* [Records to use]
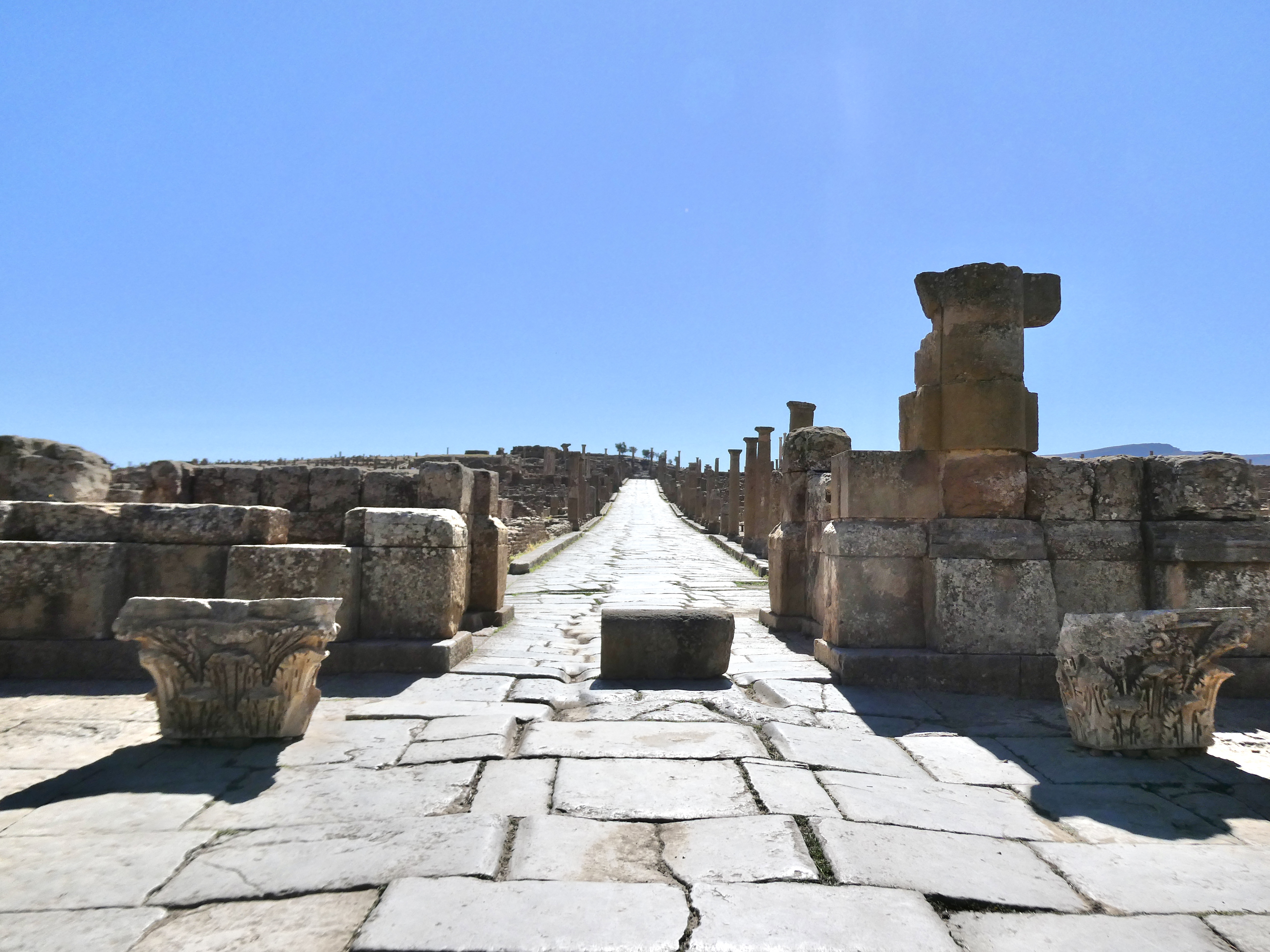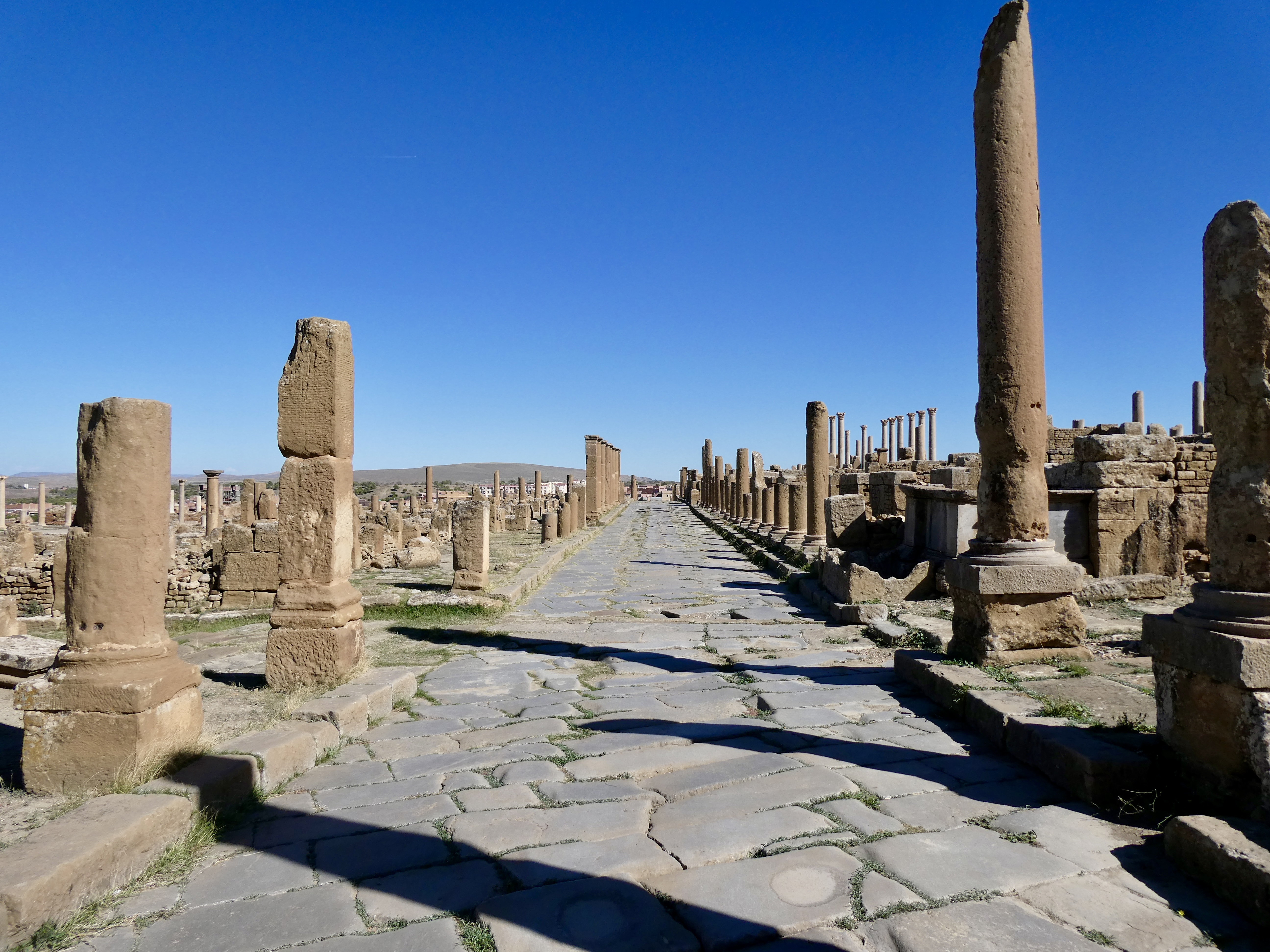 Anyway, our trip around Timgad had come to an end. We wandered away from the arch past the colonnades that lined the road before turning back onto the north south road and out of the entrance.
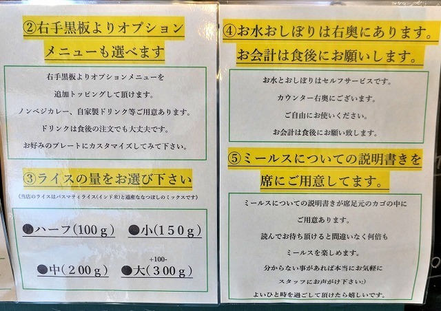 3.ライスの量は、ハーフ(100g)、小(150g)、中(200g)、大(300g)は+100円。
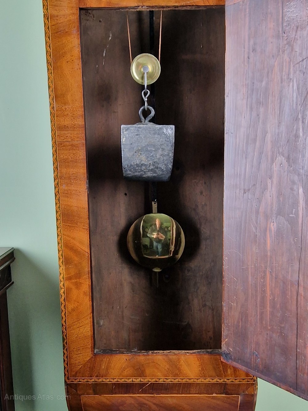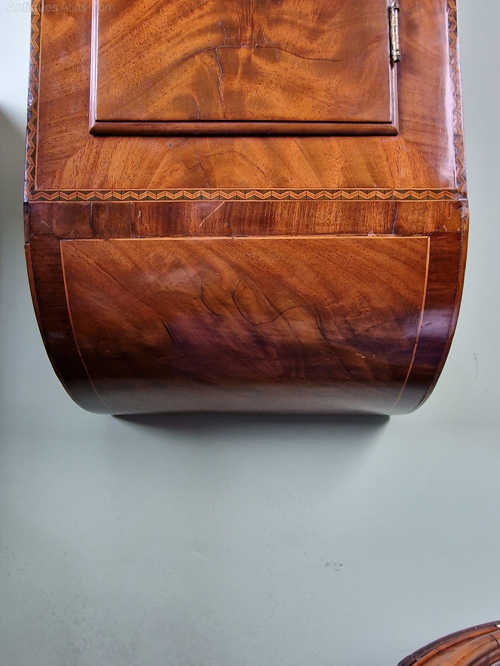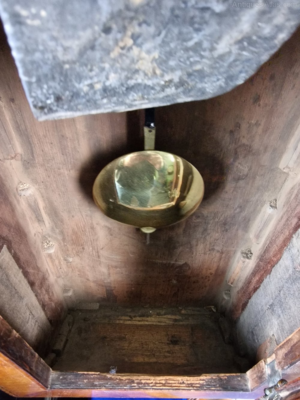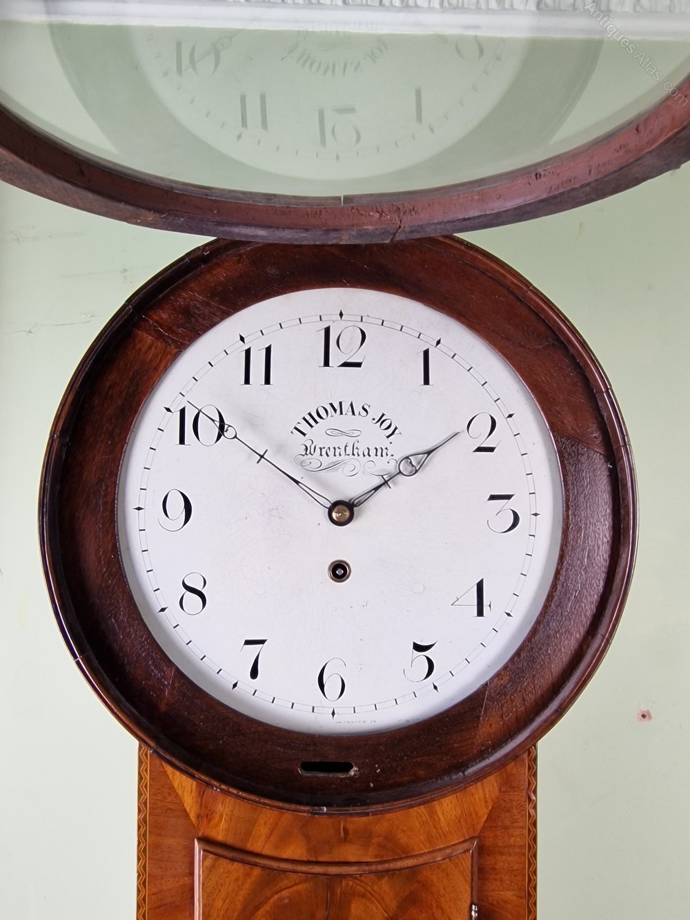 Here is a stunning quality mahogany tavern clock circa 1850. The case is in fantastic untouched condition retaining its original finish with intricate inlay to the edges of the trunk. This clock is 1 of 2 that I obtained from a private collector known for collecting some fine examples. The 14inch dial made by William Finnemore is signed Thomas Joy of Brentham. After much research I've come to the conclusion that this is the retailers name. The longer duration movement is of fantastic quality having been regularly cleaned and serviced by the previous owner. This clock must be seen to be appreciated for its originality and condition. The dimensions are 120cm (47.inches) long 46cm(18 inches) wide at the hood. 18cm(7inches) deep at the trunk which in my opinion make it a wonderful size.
* * *
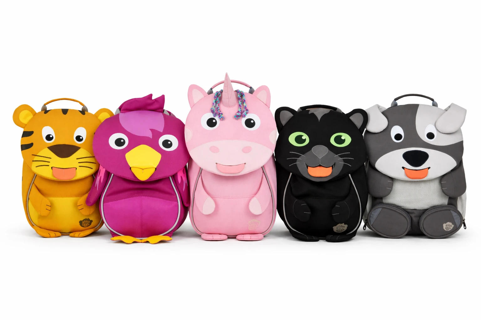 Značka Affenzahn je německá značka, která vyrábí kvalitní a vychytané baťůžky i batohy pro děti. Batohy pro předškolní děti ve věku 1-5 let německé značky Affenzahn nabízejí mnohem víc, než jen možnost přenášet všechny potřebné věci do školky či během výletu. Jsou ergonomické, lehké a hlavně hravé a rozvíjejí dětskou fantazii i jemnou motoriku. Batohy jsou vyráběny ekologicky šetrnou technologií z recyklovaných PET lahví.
* * *
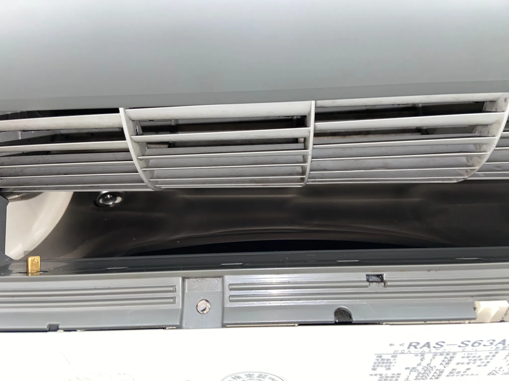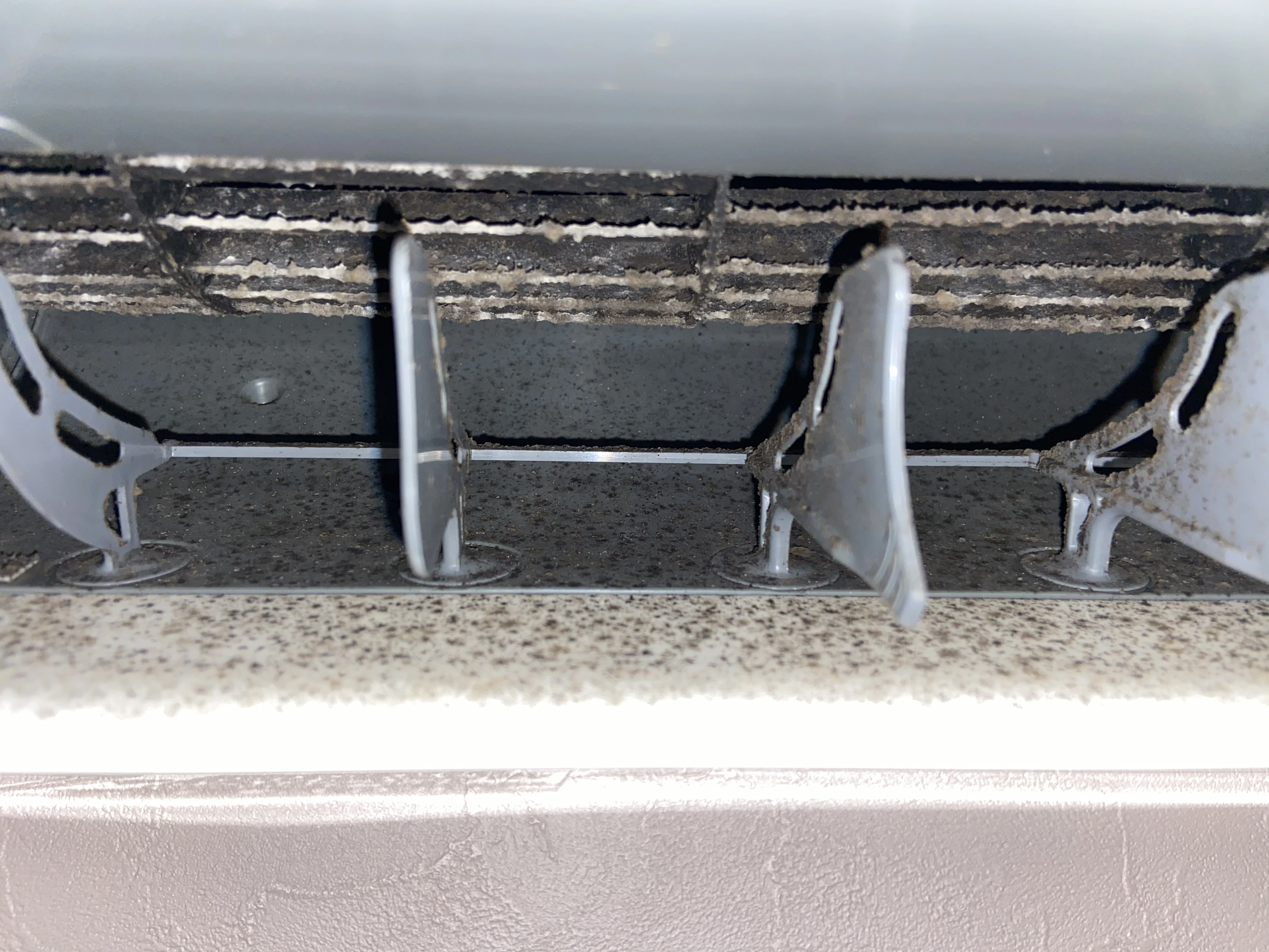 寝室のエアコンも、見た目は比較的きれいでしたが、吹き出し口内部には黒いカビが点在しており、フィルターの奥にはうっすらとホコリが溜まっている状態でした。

* [Work required]
What you write must match the listing exactly, from the line with "Anyway, our trip" up to and including the line with "3.ライスの量は、ハーフ(1". Pictures stay out.

* [Solution to this task]
 Anyway, our trip around Timgad had come to an end. We wandered away from the arch past the colonnades that lined the road before turning back onto the north south road and out of the entrance.
 3.ライスの量は、ハーフ(100g)、小(150g)、中(200g)、大(300g)は+100円。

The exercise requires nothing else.